Description
The whole proposal is here, I have included a summary below.
Pain points (summary)
The main pain point is aliasing. Currently, design systems are specified as a long series of variables, e.g. --color-green-100
, --color-crimson-950
etc.
Aliasing them to other names (e.g. semantic names such as --color-primary
or simply shorter/simpler names) is currently author hostile, as it requires manually aliasing every single one, i.e. hundreds of declarations. Not only is this painful to do for the whole page, it makes it very hard to theme areas on the page with a different color, or pass design tokens to components.
Additionally, tints and shades for each color are generated manually, even if some of them could be inferred via interpolation. Theoretically that can already be done via a series of color-mix()
values, but it is very tedious and repetitive, especially if you want to tweak the endpoints by adding more manual values where the interpolated ones don't work well.
Other ideas explored
The following are useful in their own right, but I don’t think solve the pain points equally well.
- Custom functions
- CSS functions for tints and shades
- Dedicated syntax for design tokens with standardized names for the low level common things
The proposal (summary)
At its core (and as an MVP) this proposal allows authors to define groups of variables with the same prefix by using braces, and then pass the whole group around to other variables.
/* Author CSS */
:root {
--color-green: {
100: oklch(95% 13% 135);
200: oklch(95% 15% 135);
/* ... */
900: oklch(25% 20% 135);
};
}
some-component {
--color-primary: var(--color-green);
}
/* some-component.css */
:host {
background: var(--color-primary-100);
border: var(--color-primary-400);
color: var(--color-primary-900);
}
- Groups can be infinitely nested, to specify not only tints of a single color, but an entire color palette or even an entire design system and pass it around with a single CSS variable.

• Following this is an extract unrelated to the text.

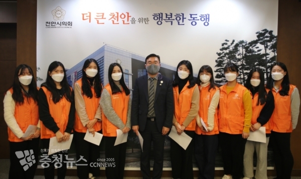 천안시의회(의장 황천순)에 북일여고 10여명의 학생으로 구성된 한화생명 해피프렌즈 하람셀이 새해를 맞아 황천순 의장에게 감사인사를 전하고자 5일 방문하였다.
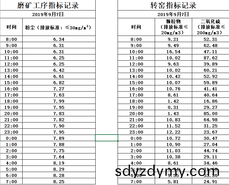 山東道(dao)恩(en)鈦業(ye)股份有限(xian)公(gong)司2019年9月7日(ri)磨鑛(kuang)工序煙氣及(ji)轉窰(yao)煙氣(qi)指(zhi)標數據:山(shan)東道(dao)恩(en)鈦業股份(fen)有限公(gong)司2019年(nian)9月(yue)7日煙(yan)氣數(shu)據

The granularity is completely progressive: you can go from defining--ds-color-green
as a group, to defining--ds-color
as a group to defining--ds
as a group without changing anything about the places referencing them. - Individual properties can still be specified outside of the group and overridden via regular CSS cascade rules. This provides a migration path for porting existing design systems to groups without their code having to be updated.
- Groups (and their constituent properties) inherit normally, like any other value. Custom properties in descendants can shadow inherited properties with the same name, i.e. a local
--color-green-100
will override the inherited one from--color-green
(just like with shorthands). - There may be value in exposing a functional syntax for every CSS variable group, to facilitate selecting
Using groups on non-custom properties: The base
property
Authors can optionally specify a base
value, which will be output if the custom property is used in a context that does not support groups, such as a regular CSS property.
--color-green: {
base: oklch(65% 50% 135);
100: oklch(95% 13% 135);
200: oklch(95% 15% 135);
/* ... */
900: oklch(25% 20% 135);
};
.note {
/* Same as border: 1px solid oklch(65% 50% 135)); */
border: 1px solid var(--color-green);
}
This can also be tweaked from outside the group (just like the group properties), by setting --color-green-base
. This also facilitates the use case of having constituent properties that are dynamically computed from the base so changing the base tweaks all of them in unison.
Continuous tokens
(This is definitely beyond MVP and more speculative)
Authors can specify a catch-all expression to be used to resolve undefined keys via a default
property:
--color-green: {
base: oklch(65% 50% 135);
100: oklch(95% 13% 135);
default: color-mix(in oklch, var(--color-green-100) calc((100 - arg / 10) * 1%), var(--color-green-900));
900: oklch(25% 20% 135);
};
Together with something like color-scale()
this could also facilitate piecewise interpolation.
Alternative decomposed design
We could decouple this into three separate features:
- A function to map CSS variables with a common prefix to a different prefix, e.g.
--color-primary: group(--color-green)
or evenvar()
itself, with a*
to mark the prefix:--color-primary-*: var(--color-green-*);
, which would require handling base values manually (but based on the comments, that seems to be seen as a feature for some). - A nesting syntax for setting multiple variables with the same prefix at once. This would look just like the one above, but instead of specifying a group, it is just syntactic sugar for setting many variables at once.
- Continuous variations would have to be specified as a separate feature, perhaps by setting
--color-green-*
or using a syntax to mark the key part like--color-green-[tint]
(which would also allow for multiple arguments in the future). The syntax space here is likely quite restricted due to the restrictions we had to introduce to the grammar to make&
-less nesting work.
I ran this by a couple design systems folks I know, and the response so far has been overwhelmingly "I NEED THIS YESTERDAY". While I’m pretty sure the design can use a lot of refinement and I’m not sure about the technical feasibility of some of these ideas, I’m really hoping we can prioritize solving this problem.
Note that beyond design systems, this would also address many (most?) of the use cases around maps that keep coming up (don't have time to track them down right now, but maybe someone else can).
Before commenting please take a look at the whole proposal in case the issue you’re about to point out has been addressed there!